Bumbling gov’t troops

Agriculture Secretary Manny Pinol is right: The think tank that warned that buying rice from local farmers during the peak harvest season would spike its prices is a paid hack.

Greedy businessmen paid the New York-based Global Source to come up with that opinion, according to the “small but terrible” agriculture chief.

Why should the government change its mind to buy rice from local farmers during the harvest season and instead import the staple just because a paid hack said so?

A paid hack is not worth listening to, no matter if it gave an “objective” and well-researched analysis.

A paid hack reports on the dictates of its patrons.

It was unfair of the Armed Forces of the Philippines (AFP) to accuse an elderly couple—Constancio and Crisenta Petalco, both in their 60s—of coddling Abu Sayyaf bandits.

The couple were killed in the crossfire between government forces and the bandits in Inabanga, Bohol.

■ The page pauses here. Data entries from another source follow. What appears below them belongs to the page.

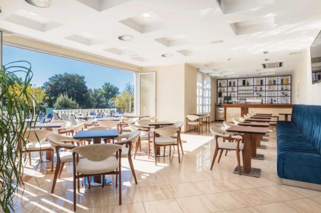 | Moderní hotel má k dispozici 62 pokojů a 5 apartmá, vstupní halu s recepcí, restauraci s terasou, snídaňovou místnost, bar, výtah, sluneční terasu, wellness - SPA, finská sauna, jacuzzi, lázně, masáže, aramoterapie (vše za poplatek), fitness (zdarma), půjčovnu kol (za poplatek). |
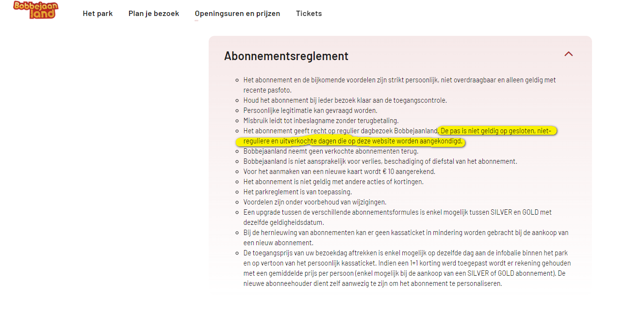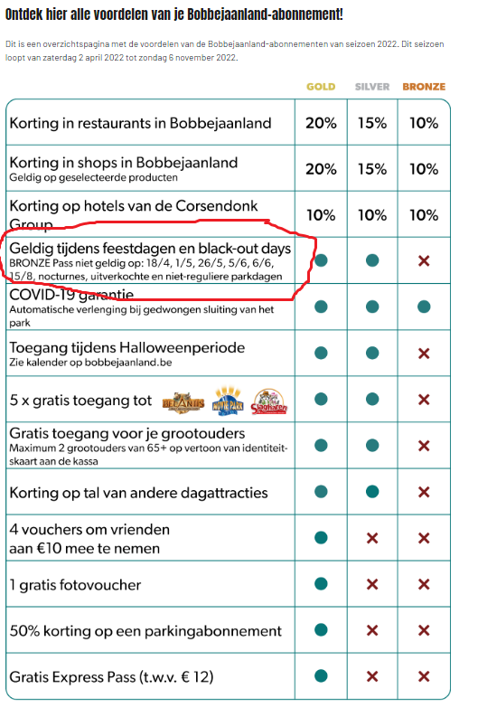 Bij de abonnementsvoordelen staat geldig tijdens feestdagen en Black Out Days, er staat niet dat de passen geldig zijn op niet reguliere parkdagen. Er staat enkel een footnote dat de Bronze pass op een heel aantal dagen niet geldig is en daarin staat vermeld dat die niet geldig is op niet reguliere dagen. Mss verwarrend maar wel correct. Er staat dus nergens dat Silver en gold op niet reguliere dagen geldig is.
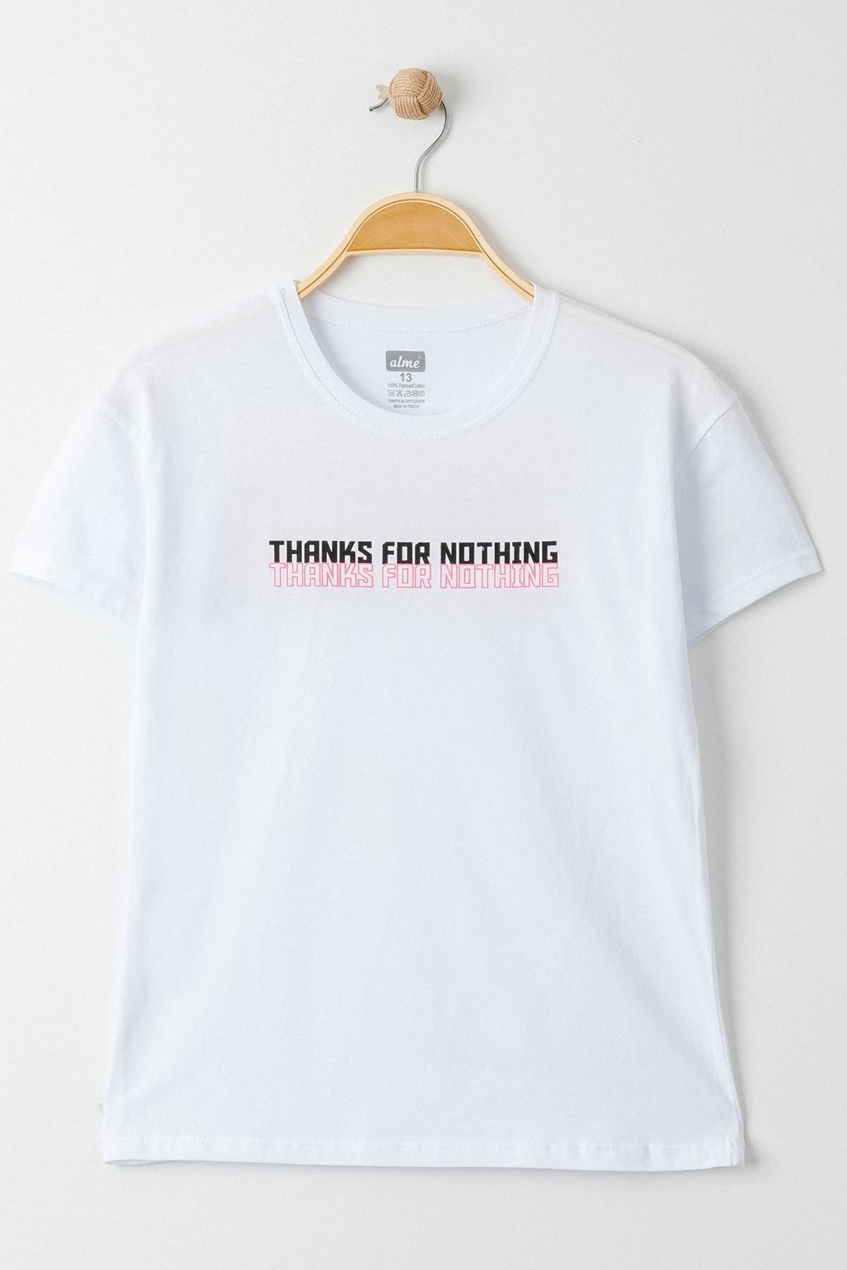 275 13-16 Yaş Baskılı Çocuk Tişört Beyaz

The accusation was apparently meant to cover up the stupid bungling of military and police forces.

The Petalcos were killed because they were too weak and old to run for cover.

The least the military and police could have done was to apologize for the couple’s death instead of saying they were “persons of interest.”

If the government forces were not bumbling idiots or were not caught sleeping on the job, how come three of them were killed in the firefight when they had mastery of the terrain while the bandits were strangers to the place?

It would have been excusable for the troops to suffer casualties—like if the firefight happened in the jungles of Sulu or Basilan—because the bandits had the run of the terrain; but the soldiers and the policemen are supposed to know every nook and cranny of the area since they’re from the place.

Why the hell did the government troops still suffer that many casualties, not to mention the number of wounded, when they had mastery of the terrain?

Unless the government doesn’t know how to count, three is a big number.

It’s time for the government troops to change tactics vis-a-vis the New People’s Army and Moro rebels because almost always they’re licked in firefights with the enemy.

At the rate soldiers and policemen are getting killed, there might not be any more troops left to fight.

Unless they have the misplaced optimism of a battalion commander during the Sulu campaign in the 1970s.

When informed that his men suffered heavy casualties during a battle, that battalion commander said: “Di bale, marami pang Ilocano sa Luzon (Never mind, there are still many Ilocanos in Luzon).